I snorted. “No way I’d do that again.”
By midnight we were set up in a birthing room at the hospital and it was beginning to dawn on me that this was really happening. Not the birth of my firstborn--death at the hands of my wife. As I looked over at the anesthesiologist, with my wife’s hands firmly clamped around the soft tissue of my neck, I casually commented: “I think we’ll take that epidural after all.”
Once the drugs kicked in things went somewhat back to normal. At least while she was sedated it was possible for me to maintain a safe distance. Unfortunately, the painkillers also had the effect of stopping the labor. So we settled in for a long night, We played cards. War, Go Fish! and a round of Spades later and we were starting to forget why we were there.

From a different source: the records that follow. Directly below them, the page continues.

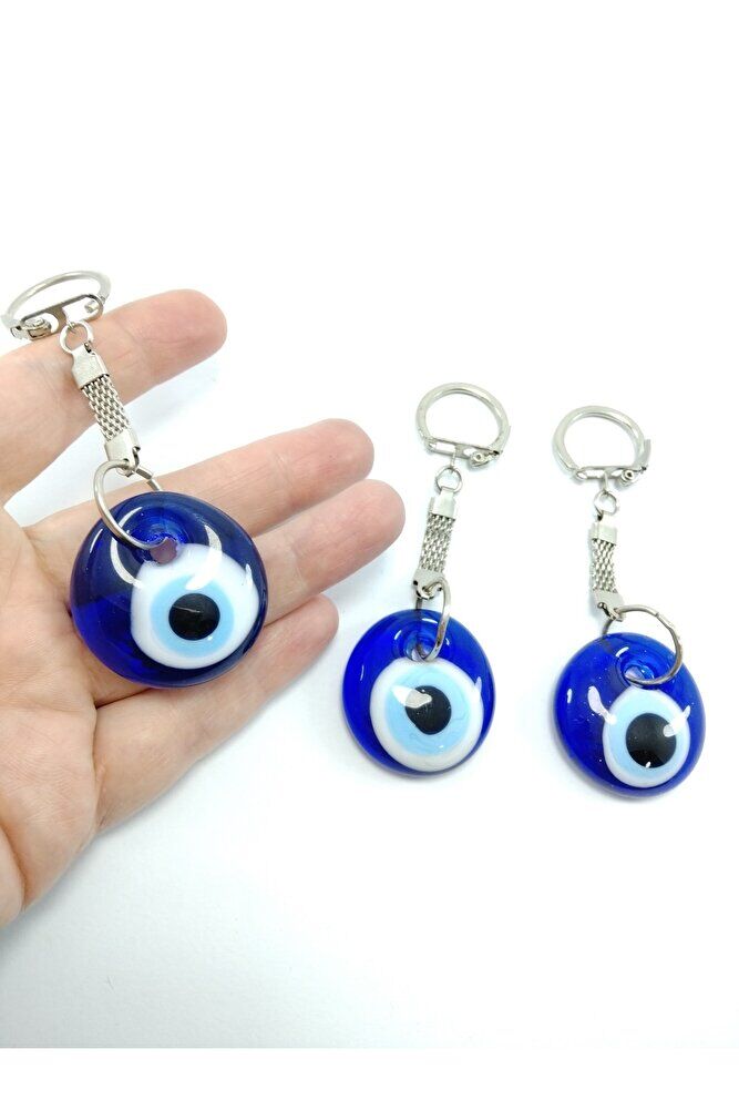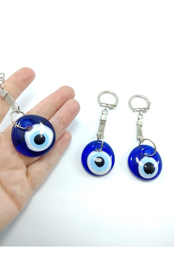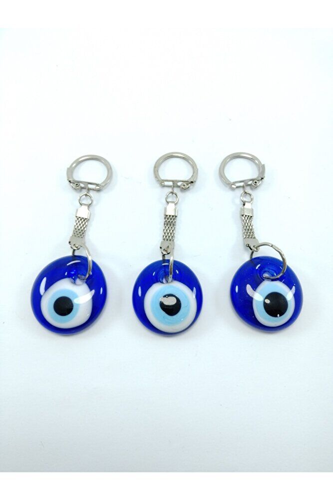 Nazar Boncuğu Anahtarlık El Yapımı Sade Cam Hediyelik Eşya Üçlü Set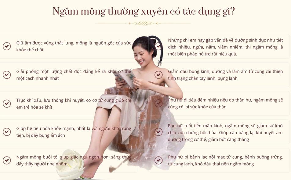 - Chậu ngâm nên đủ cao để nước ngập tới vùng rốn, tương đương với vùng cổ tử cung — giúp dưỡng ấm tử cung và thận.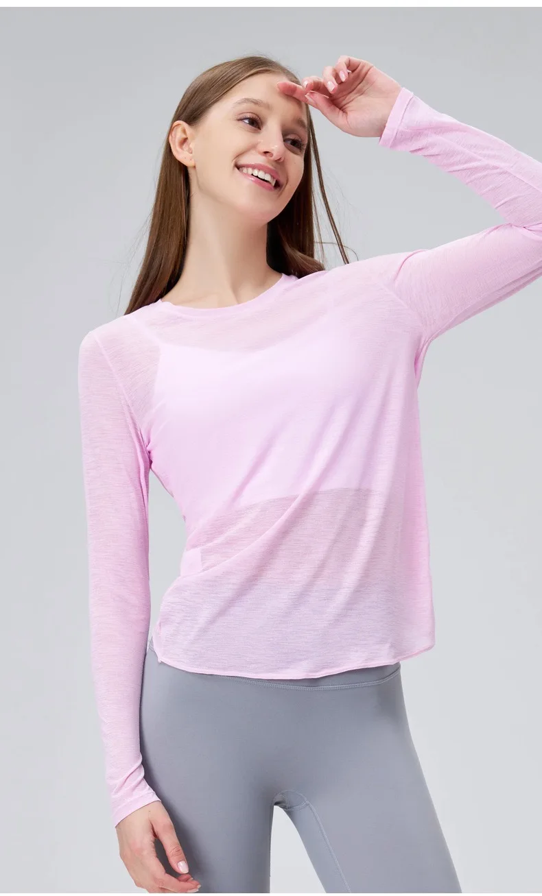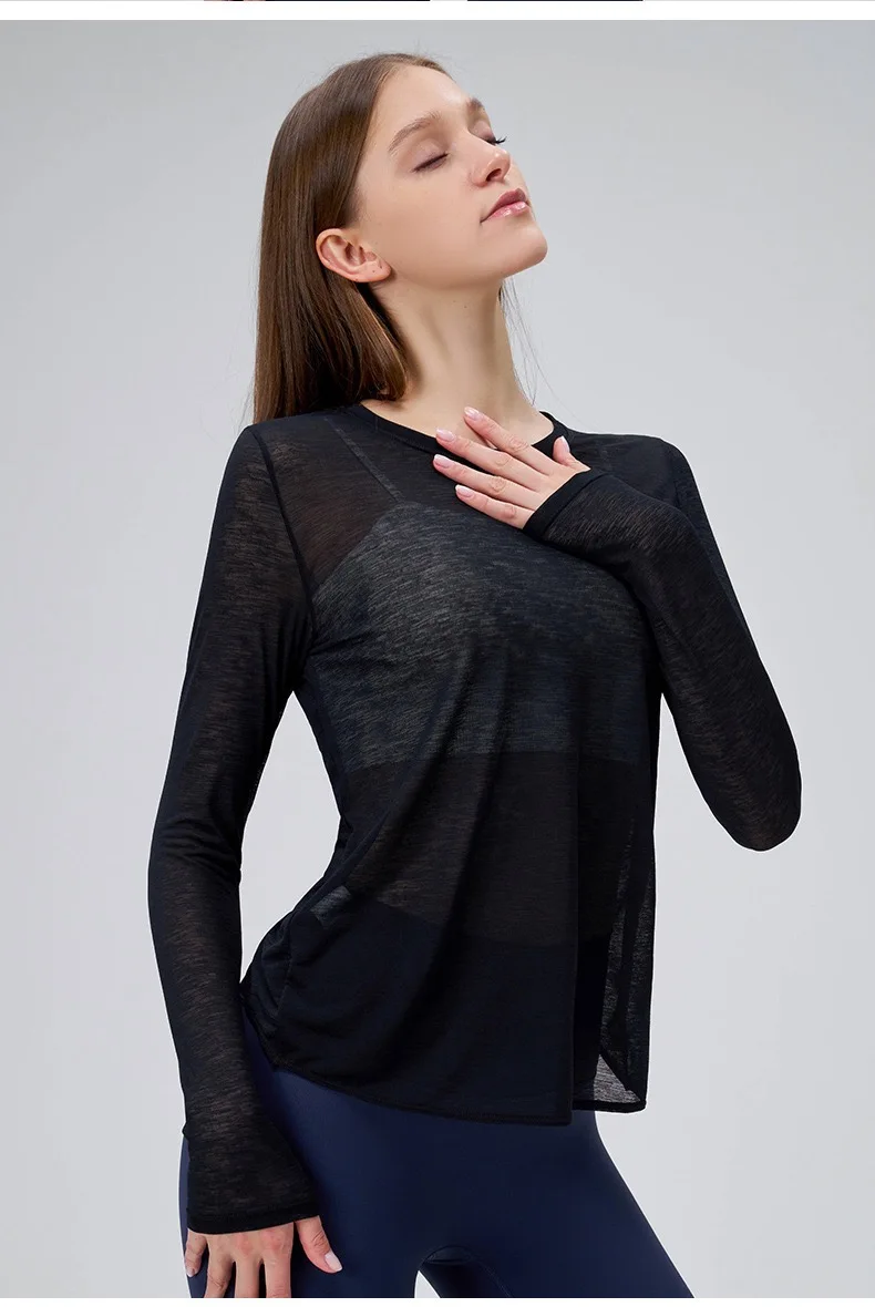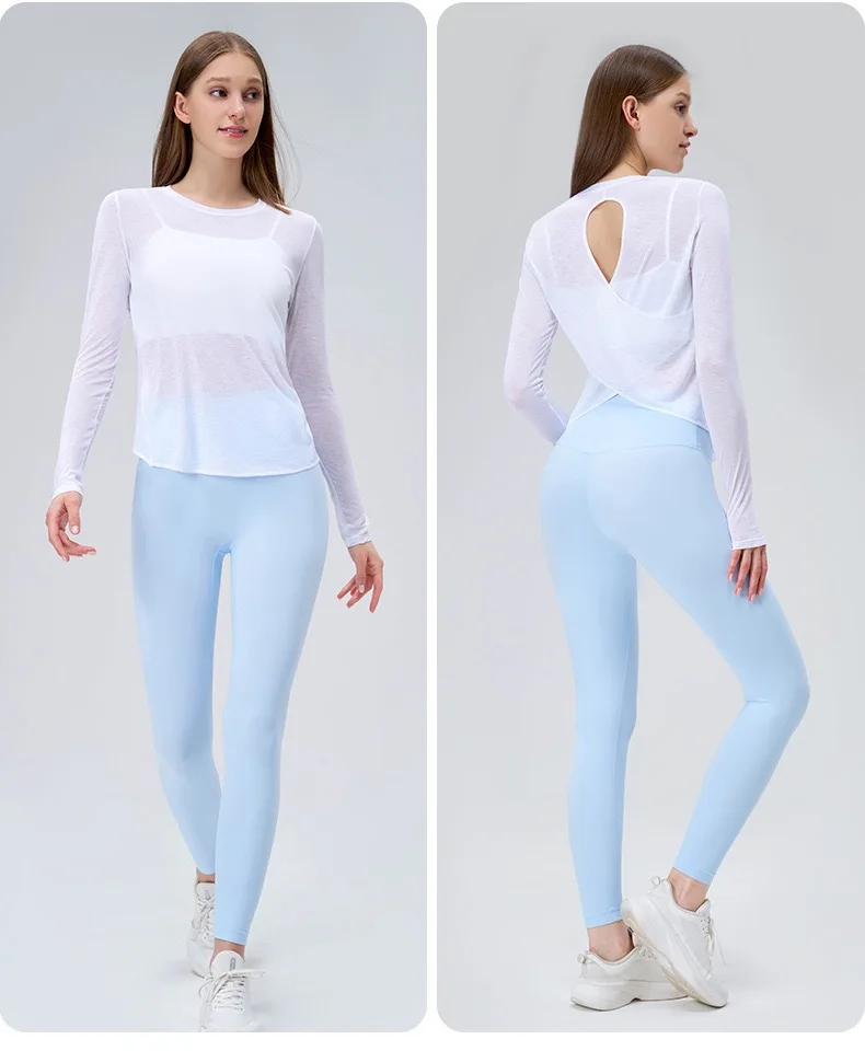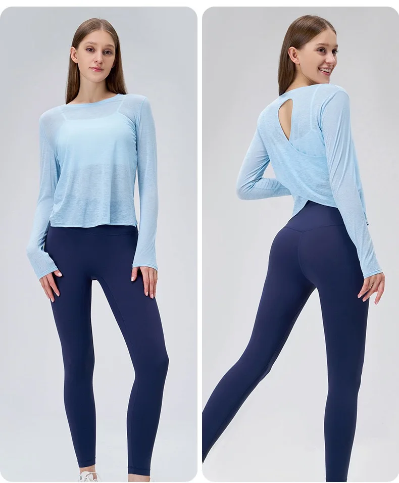 Autumn Thin Loose Long Sleeve Gym Breathable Yoga Blouse Hollow Beauty Back Running Cross Yoga Clothing Fitness Pilates Top Suit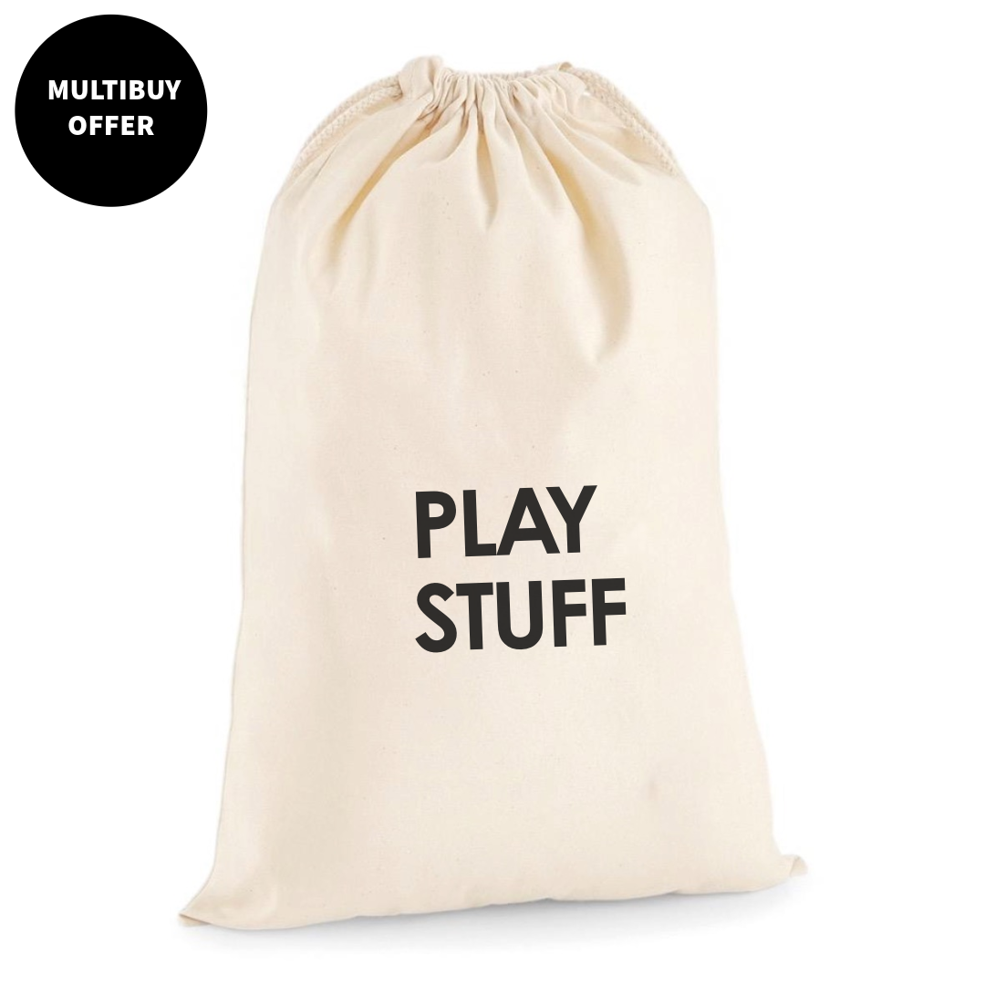 Tidy up all the fun with our versatile PLAY STUFF drawstring bag! Available in three sizes and two colours, it’s perfect for storing toys, games, and all the bits and pieces that make playtime amazing.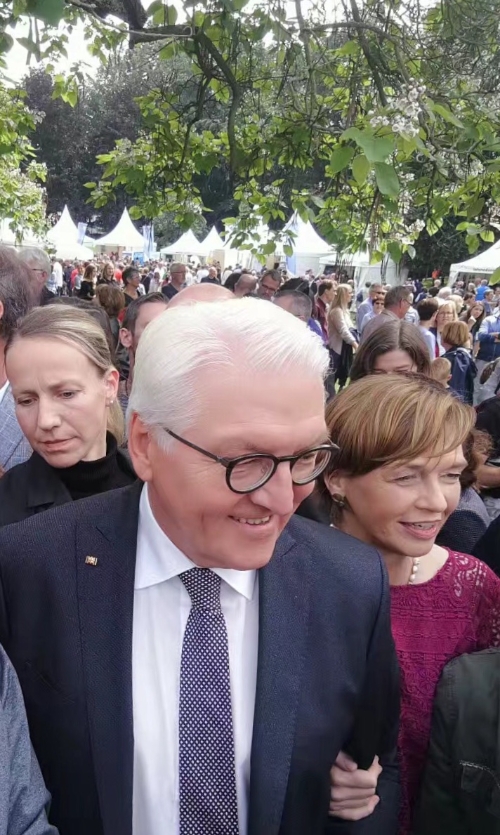 施泰因迈尔总统和他的妻子于中午12点45分莅临现场。总统对来访者表示热烈欢迎,并向大家表达了他对波恩的喜爱:“波恩是一个开放、国际化和创新型的城市,我们很愿意经常回来!”在欢迎仪式后,总统与他的妻子共同参观了开放日的展区并与来访者进行了亲切友好的交流。最后,他们在讲台上热情地回答了公民的问题。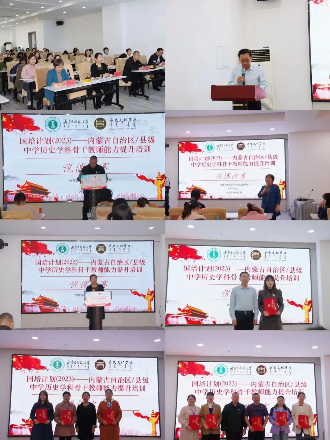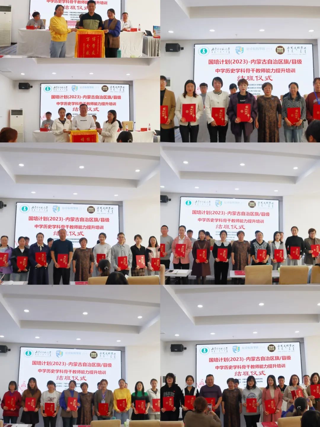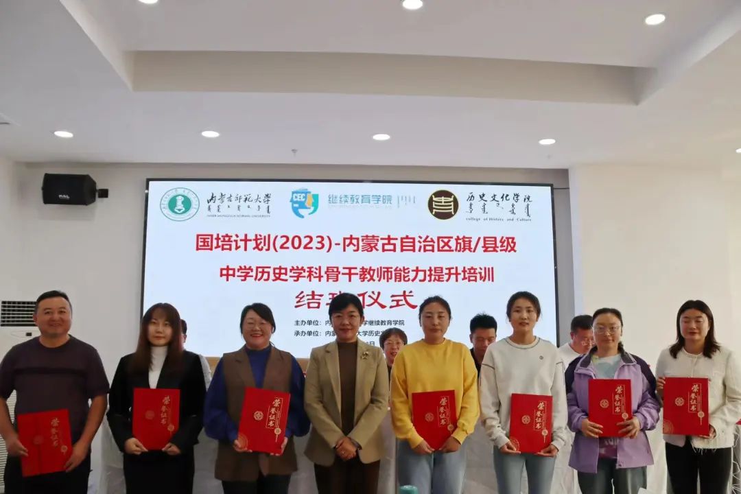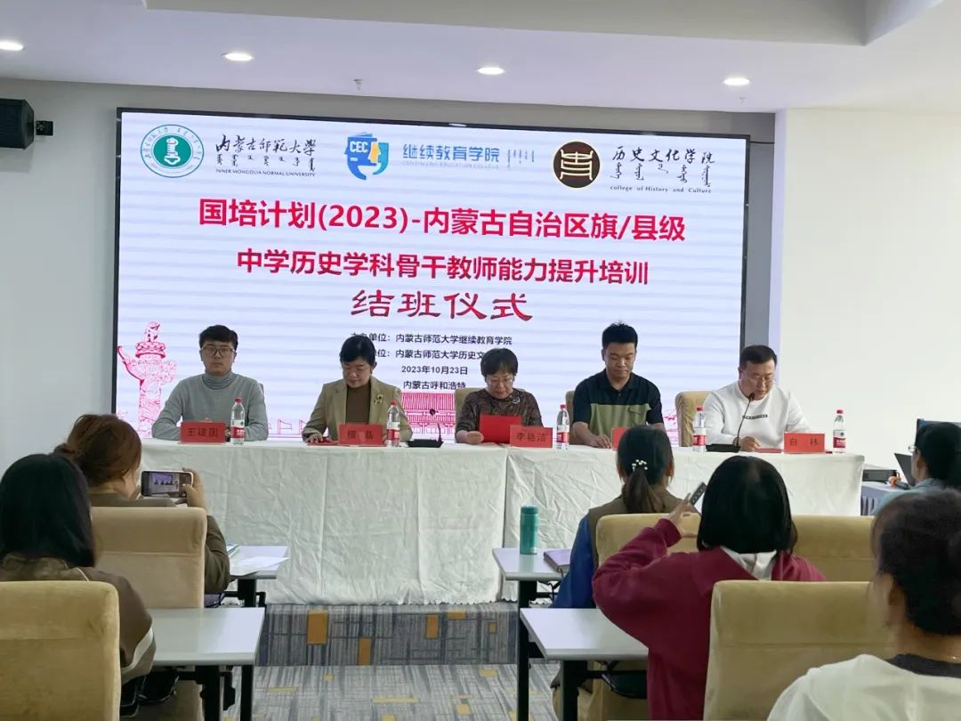 2023年10月23日下午,由yl6809永利官网集团继续教育学院主办、yl6809永利集团承办的“国培计划(2023)”——内蒙古自治区旗(县)级初中历史学科骨干教师培训班结班仪式在呼和浩特市赛罕区长安金座酒店四楼会议室举行。yl6809永利官网集团继续教育学院培训部、自治区国培项目执行办公室王宣智老师,yl6809永利集团党委书记李艳洁,党委副书记、副院长檀晶,副院长白林,培训班班主任王建国及50名参训学员参加仪式,结班仪式由yl6809永利集团副院长白林主持。

By eight in the morning the two of us were beginning to remember. Don’t let anyone tell you otherwise--childbirth is painful. I was lucky to survive. She doesn’t talk about it much, but I think my wife felt bad that she was too busy to really be there for me.
It was all worth it, though, the moment the doctor plopped that little pink bundle of newborn girl into my arms. As I stood there holding my daughter for the first time, I knew it was already too late for me. Life as I knew it was over. From this moment on, I would do anything for that girl.
Nearly twenty-eight years later and not a lot has changed. I still cry a lot and react with frustration and near hysteria. My daughter and I fight frequently and my wife plays the calm peacemaker. To someone on the outside looking in, it may seem like we don’t get along so well, but I can tell you it is just the opposite.
When you love so fiercely, everything is more passionate--both the fighting and the tenderness. An abandoned style of love is little like white-water rafting. There is excitement, fear, exhilaration and frustration...maybe even a little anger.
As I said, life as I knew it was over. Now I had two women who could roll their eyes at me.